(203m) COMT?CAMD: Simultaneous Process and Solvent Design Using PCP-SAFT Applied to CO2 Pre-Combustion Capture

Stavrou, M., Stuttgart University
Gross, J., Delft University of Technology
Bardow, A., RWTH Aachen University

Holistic process design should consider the process units as well as the required process fluids such as solvents. Today, process design and the design of the appropriate solvent are treated separately and independently from each other. A fully integrated process and solvent design problem is prohibitively complex for a true deterministic solution procedure. Any practical approach requires the decomposition of the full problem. In previous studies, the decomposition was done by pre-selecting the solvent using auxiliary, typically heuristic objective functions, such as maximal COsolubility. The true process objective function, in contrast, should capture the full process-level information such as cost or energy.

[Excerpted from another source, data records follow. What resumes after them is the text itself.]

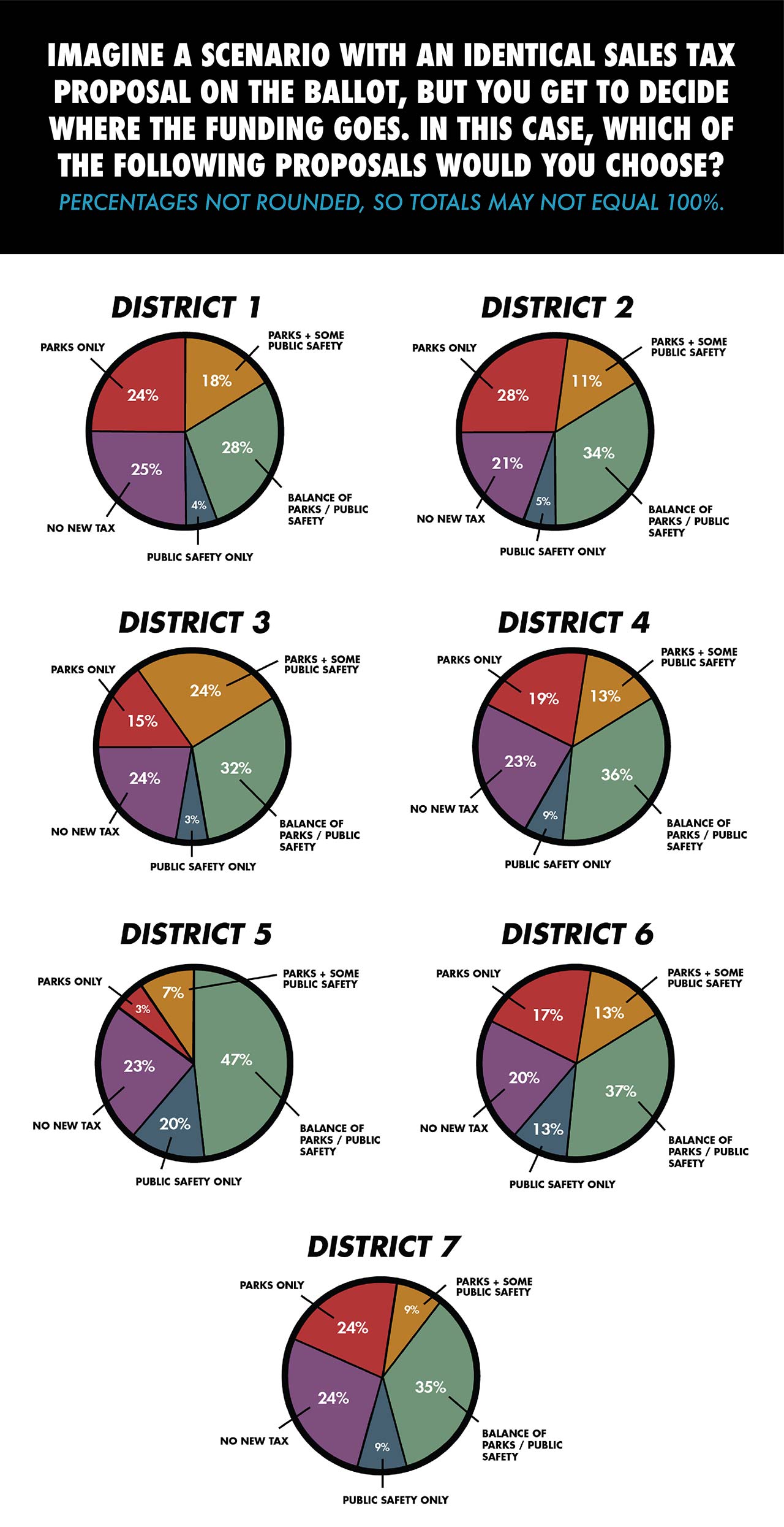 Averaged across all council districts, 59% of respondents favored spending at least a portion of Measure P tax proceeds for public safety.
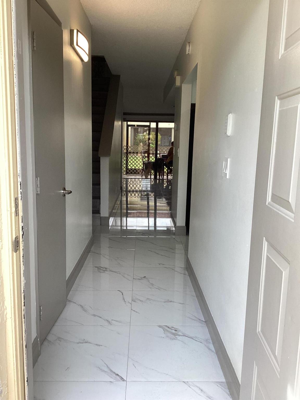 This stunning 3-bedroom, 2.5-bathroom townhouse is an exceptional Sunblest community. Step into an inviting interior boasting new Italian porcelain floors that seamlessly guide you through the main level, it is a beautifully remodeled kitchen. Complete with new stainless-steel appliances, Quartz countertops, and a central island with additional cabinetry, this kitchen is built for convenience and function. A newly updated half bathroom. Additional updates include fresh paint on the first floor, new baseboards, a new A/C motor, and practical accordion shutters for peace of mind. Outside it is private screened patio. As a corner townhome have two dedicated parking spaces in front of the unit, guest parking near the community pool, playground and basketball c. Pets are ok and yes can lease.
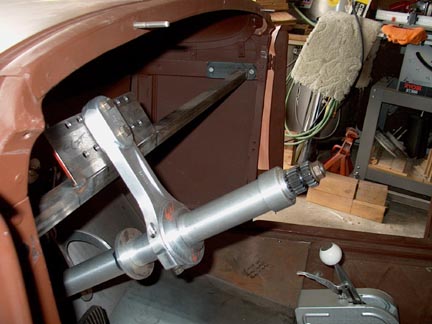 andy,that is a real nice column drop.i see you're using a `40 wheel,column and shifter..with a slot in the drop for the shift tube...that all looks great

Here, a new method is proposed for achieving a more closely integrated design procedure. The method is illustrated for the simultaneous process and solvent optimization for physical absorption of COas employed by pre-combustion capture processes.

In the so-called CoMT-CAMD method (‘Continuous Molecular Targeting - Computer Aided Molecular Design’ [1]), any molecule is represented by a set of molecular parameters of a physically-based thermodynamic model (here: the PCP-SAFT model [2], [3]). In model-based process optimization, these molecular parameters are treated as continuous variables and optimized alongside with the process variables (e.g. desorption pressure). This kind of optimization methodology (‘Continuous Molecular Targeting’) leads to both a hypothetical target solvent and a set of process variables that minimize the process objective function. The objective function is defined as process costs, taking into account various environmental, product and process impacts. In a subsequent step (‘mapping step’) the best real solvent is efficiently identified from a database. For an analysis of the optimization problem in the vicinity of the optimum, we use the second-order Taylor series in the molecular parameters.  

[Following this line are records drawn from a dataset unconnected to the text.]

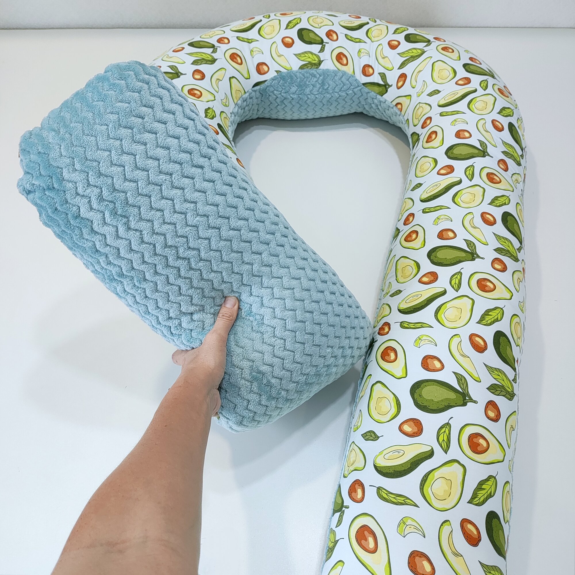 Подушка для беременных для сна U, плюш + хлопок, авокадо и бирюзовый плюш интересное: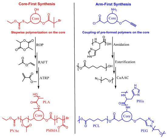 Examples of core-first synthesis (left) and arm-first synthesis (right) with examples of functionalities, monomers, and polymers.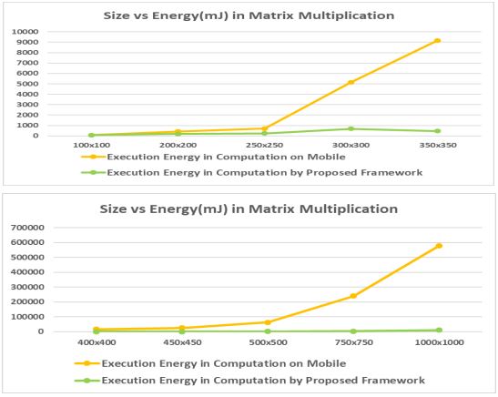 As can be seen, the advantage that is obtained in energy by offloading the matrix to a cloud is small in case of small matrices 100×100. As the size grows, the advantage increases even more. For the matrix of size 250×250, the reduction in execution energy is around 67.5%. But as the matrix size grows to 350×350, there is a significant advantage and for a matrix of 750×750 and beyond, the advantage is around 98% which shows the higher efficiency.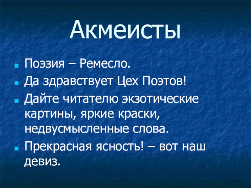 АкмеистыПоэзия – Ремесло.Да здравствует Цех Поэтов!Дайте читателю экзотические картины, яркие краски, недвусмысленные слова.Прекрасная ясность! – вот наш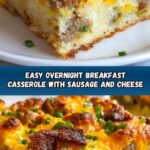 A hearty and convenient Overnight Breakfast Casserole featuring savory sausage, cubes of bread soaked in an egg and milk mixture, layered with cheddar cheese and optional veggies. Prepared the night before and baked in the morning, it makes a perfect make-ahead breakfast or brunch dish for families or gatherings.

The integrated process and solvent problem is thus decomposed into a ‘continuous molecular targeting’ step and a ‘mapping’ step, avoiding any auxiliary objective function and any a prioriexclusion of substances from the pool of solvent candidates through heuristics. The approach allows for a direct access of molecular characteristics in the process optimization. Due to the strong molecular picture underlying PCP-SAFT, high quality of the mapping of the target parameters to real fluids is achieved. The suggested CoMT-CAMD approach thereby closely approximates the truly integrated process and solvent optimization problem.


[1] Bardow, A.; Steur, K.; Gross, J. Continuous-molecular targeting for integrated solvent and process design. Ind. Eng. Chem. Res.,2010, 49, 2834–2840.

[2] Gross, J.; Sadowski, G. Perturbed-chain SAFT: An equation of state based on a perturbation theory for chain molecules. Ind. Eng. Chem. Res. 2001, 40, 1244–1260.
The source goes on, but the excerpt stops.